Major US stock indices closed on a modestly high note on Friday, led by a surge in Nike Inc shares, but they all posted weekly losses.
The S&P 500 scored its biggest gain for the first half of the year since 2013 while the NASDAQ Composite’s first-half gain was its best in eight years.
Nike shares rose 11 percent on Friday after the world’s largest footwear maker said it would launch a pilot online sales program with Amazon.com Inc. Nike shares gave the biggest boost to the Dow industrials and the S&P 500.
Even as technology shares limped through last month, the sector has been the big story of the first six months of the year. Tech shares gained 16.4 percent in the first half, double the S&P 500’s 8.2 percent rally so far this year.
The tech-heavy NASDAQ surged 14.1 percent in the first half.
The S&P technology index ended down 0.1 percent on Friday, while for all of last month it posted its first monthly loss of the year.
A decline in biotech shares, which had surged of late, also limited the NASDAQ.
“Are we going to see a broadening of the rally, where you see more of the financials and other sectors fill in some of the gaps?” said Alan Lancz, president of Alan B. Lancz & Associates Inc, an investment advisory firm in Toledo, Ohio.
“It hasn’t been a broad encompassing rally, that I think investors will have to see a little bit more conviction rather than just in a handful of stocks,” Lancz said.
The Dow Jones Industrial Average on Friday rose 62.6 points, or 0.29 percent, to 21,349.63, the S&P 500 gained 3.71 points, or 0.15 percent, to 2,423.41, and the NASDAQ Composite dropped 3.93 points, or 0.06 percent, to 6,140.42. Industrials were the top-performing sector, rising 0.8 percent.
For the week, the Dow slipped 0.1 percent, the S&P 500 fell 0.6 percent and the NASDAQ dropped 1.9 percent.
“When you look at some of the stocks that are doing particularly well today [Friday], they are some of those economically sensitive-type stocks,” said Chuck Carlson, chief executive officer at Horizon Investment Services LLC in Hammond, Indiana.

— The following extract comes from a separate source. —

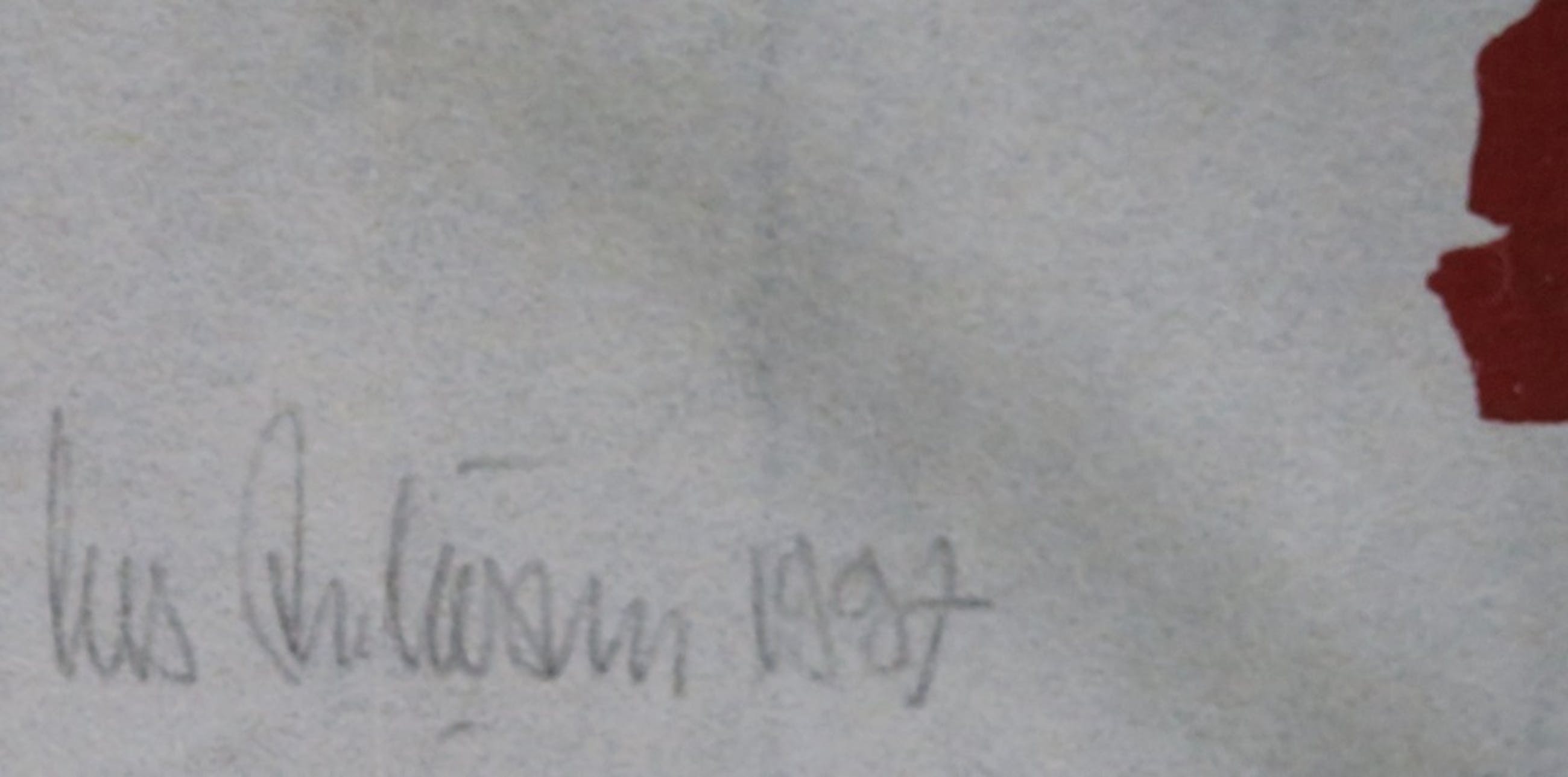 Kleine beschadigingen aan lijsten worden niet beschreven! Bij ingelijste werken achter glas vermelden wij altijd glasschade. Passe-partouts worden op geen enkele manier gegarandeerd en ook niet altijd meegezonden. Alleen als een werk niet uit het passe-partout te halen is, zal dit vermeld worden.

“During a time when it seems like there are still a fair amount of naysayers out there about the economy and GDP, anytime you get some of those stocks showing some strength, it probably emboldens the market,” Carlson said.
The S&P 500’s percentage gain in the first half was its biggest since climbing 12.6 percent in the first six months of 2013. The NASDAQ posted its biggest first-half gain since 2009.

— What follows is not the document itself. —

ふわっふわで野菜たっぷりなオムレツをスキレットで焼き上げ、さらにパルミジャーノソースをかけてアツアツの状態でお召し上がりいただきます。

US consumer spending rose modestly in May and inflation cooled, pointing to a slow, but steady economic expansion.
US Department of Commerce data bolstered the view that the economy is rebounding in the second quarter.
Investors have been concerned about mixed economic data at a time that the US Federal Reserve begins lifting interest rates from very low levels.

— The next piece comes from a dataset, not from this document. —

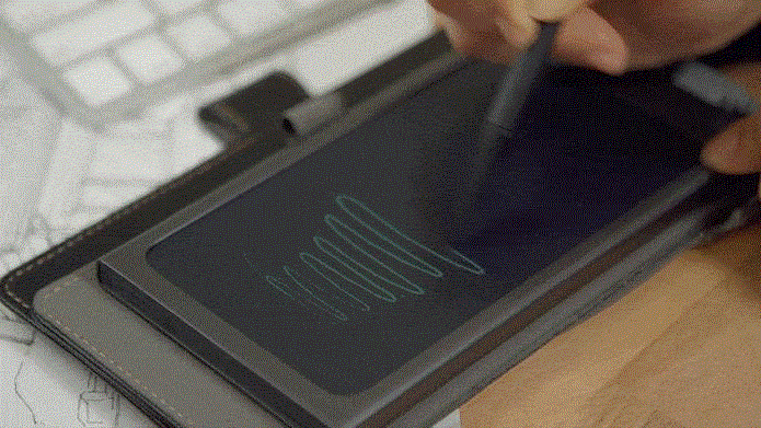 Tuy nhiên, như đã nói, điều khiến Memomate đặc biệt nằm ở màn hình đen trắng e-ink độc đáo. Màn hình này được trang bị cảm ứng lực đem lại trải nghiệm viết vẽ trên bề mặt chân thực, dù phần mềm hỗ trợ có phần quá đơn giản. Không có bất kỳ lựa chọn nào để lưu lại ghi chú vừa viết, chỉ một nút Delete duy nhất cho phép xóa sạch toàn bộ màn hình để viết lại giống như bảng tập viết cho trẻ em vậy. Lời khuyên chính thức từ công ty sản xuất Memomate đó là người dùng nên dùng smartphone để scan lại màn hình.

The release of second-quarter corporate results is set to begin in earnest in the coming weeks, with S&P 500 companies expected to post an 8 percent rise in earnings, according to Thomson Reuters I/B/E/S.
Investors have been looking for earnings to support historically high valuations. The S&P 500 has been trading at about 18 times earnings estimates for the next 12 months compared with the long-term average of 15 times.
“We can talk about the economy and geopolitical risk, but earnings drive the market,” said Chris Bertelsen, chief investment officer of Aviance Capital Management LLC in Sarasota, Florida. “We’re bumping right along the top end of” historic valuation levels.
About 6.6 billion shares changed hands in US exchanges on Friday, below the 7.3 billion daily average over the past 20 sessions.
Advancing issues outnumbered declining ones on the New York Stock Exchange by a 1.60-to-1 ratio; on NASDAQ, a 1.01-to-1 ratio favored decliners.